Let's use the ancillary function read_pz_output to facilitate the reading of all necessary data.
my_path = '/Users/julia/github/RAIL' # replace it by your path to RAIL's parent dir
pdfs_file = os.path.join(my_path, "examples/estimation/results/FZBoost/test_FZBoost.hdf5")
ztrue_file = os.path.join(my_path, "tests/data/test_dc2_validation_9816.hdf5")
pdfs, zgrid, ztrue, photoz_mode = read_pz_output(pdfs_file, ztrue_file) # all numpy arrays
The inputs for the metrics shown above are the array of true (or spectroscopic) redshifts, and an ensemble of photo-z PDFs (a qp.Ensemble
object).
fzdata = qp.Ensemble(qp.interp, data=dict(xvals=zgrid, yvals=pdfs))
The Probability Integral Transform (PIT), is the Cumulative Distribution Function (CDF) of the photo-z PDF
$$ \mathrm{CDF}(f, q)\ =\ \int_{-\infty}^{q}\ f(z)\ dz $$evaluated at the galaxy's true redshift for every galaxy $i$ in the catalog.
$$ \mathrm{PIT}(p_{i}(z);\ z_{i})\ =\ \int_{-\infty}^{z^{true}_{i}}\ p_{i}(z)\ dz $$pitobj = PIT(fzdata, ztrue)
spl_ens, metamets = pitobj.evaluate()
/Users/julia/github/RAIL/rail/evaluation/metrics/pit.py:172: UserWarning: p-value floored: true value smaller than 0.001 ad_results = stats.anderson_ksamp([pits_clean, uniform_yvals]) /Users/julia/github/RAIL/rail/evaluation/metrics/pit.py:189: UserWarning: This KLD implementation is based on scipy.stats.entropy, therefore it uses a discrete distribution of PITs (internally obtained from PIT object). "therefore it uses a discrete distribution of PITs " +
The evaluate method od PIT class returns two objects, a spline for samples (a frozen distribution object), and a dictionary of meta metrics associated to PIT (to be detailed below).
spl_ens
<qp.pdf_gen.rv_frozen_rows at 0x7fd9ab557cd0>
spl_ens.samples
array([0.1140265 , 0.35794342, 0.42871298, ..., 1. , 0.85702247, 0.49560049])
metamets
{(rail.evaluation.metrics.pit.PITOutRate, 'default'): 0.00016060480817661022, (rail.evaluation.metrics.pit.PITAD, 'default'): stat_crit_sig(statistic=88.00142575366617, critical_values=array([0.325, 1.226, 1.961, 2.718, 3.752, 4.592, 6.546]), significance_level=0.001), (rail.evaluation.metrics.pit.PITKLD, 'default'): stat_and_pval(statistic=0.09179415534209365, p_value=None)}
PIT values
pit_vals = np.array(pitobj._pit_samps)
pit_vals
array([0.1140265 , 0.35794342, 0.42871298, ..., 1. , 0.85702247, 0.49560049])
The PIT outlier rate is a global metric defined as the fraction of galaxies in the sample with extreme PIT values.
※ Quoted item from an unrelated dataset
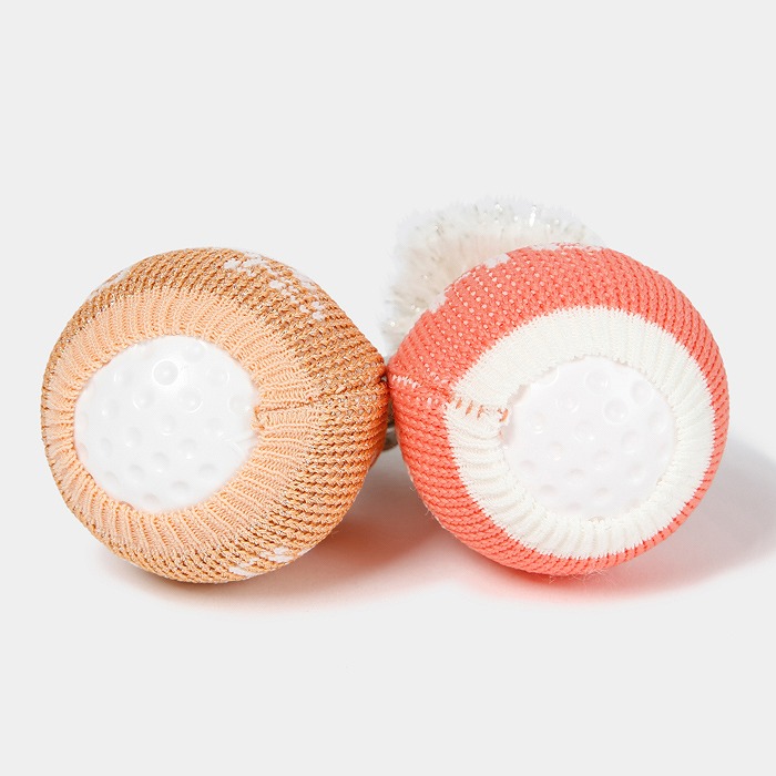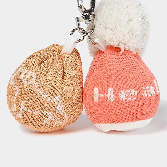 久々に展開するニットのボールポーチ。ヘンリー君が可愛いラメのタイプと、ロゴの入ったマットなタイプ、異なる質感のポーチにそれぞれ1個づつボールが入ります。その上に、ラメのポンポンを飾って大人可愛いボールポーチが出来ました。シックなウェアにも合わせやすいカラーリングで、大人買いしたくなるアイテムです。ギフトにも最適です。

The lower and upper limits for considering a PIT as outlier are optional parameters set at the Metrics instantiation (default values are: PIT $<10^{-4}$ or PIT $>0.9999$).
pit_out_rate = PITOutRate(spl_ens).evaluate()
print(f"PIT outlier rate of this sample: {pit_out_rate:.6f}")
PIT outlier rate of this sample: 0.000161
The histogram of PIT values is a useful tool for a qualitative assessment of PDFs quality. It shows whether the PDFs are:
Following the standards in DC1 paper, the PIT histogram is accompanied by the quantile-quantile (QQ), which can be used to compare qualitatively the PIT distribution obtained with the PDFs agaist the ideal case (uniform distribution). The closer the QQ plot is to the diagonal, the better is the PDFs calibration.
plot_pit_qq(pdfs, zgrid, ztrue, title="PIT-QQ - toy data", code="FZBoost",
pit_out_rate=pit_out_rate, savefig=False)
/Users/julia/github/RAIL/rail/evaluation/metrics/pit.py:172: UserWarning: p-value floored: true value smaller than 0.001 ad_results = stats.anderson_ksamp([pits_clean, uniform_yvals]) /Users/julia/github/RAIL/rail/evaluation/metrics/pit.py:189: UserWarning: This KLD implementation is based on scipy.stats.entropy, therefore it uses a discrete distribution of PITs (internally obtained from PIT object). "therefore it uses a discrete distribution of PITs " +
The black horizontal line represents the ideal case where the PIT histogram would behave as a uniform distribution U(0,1).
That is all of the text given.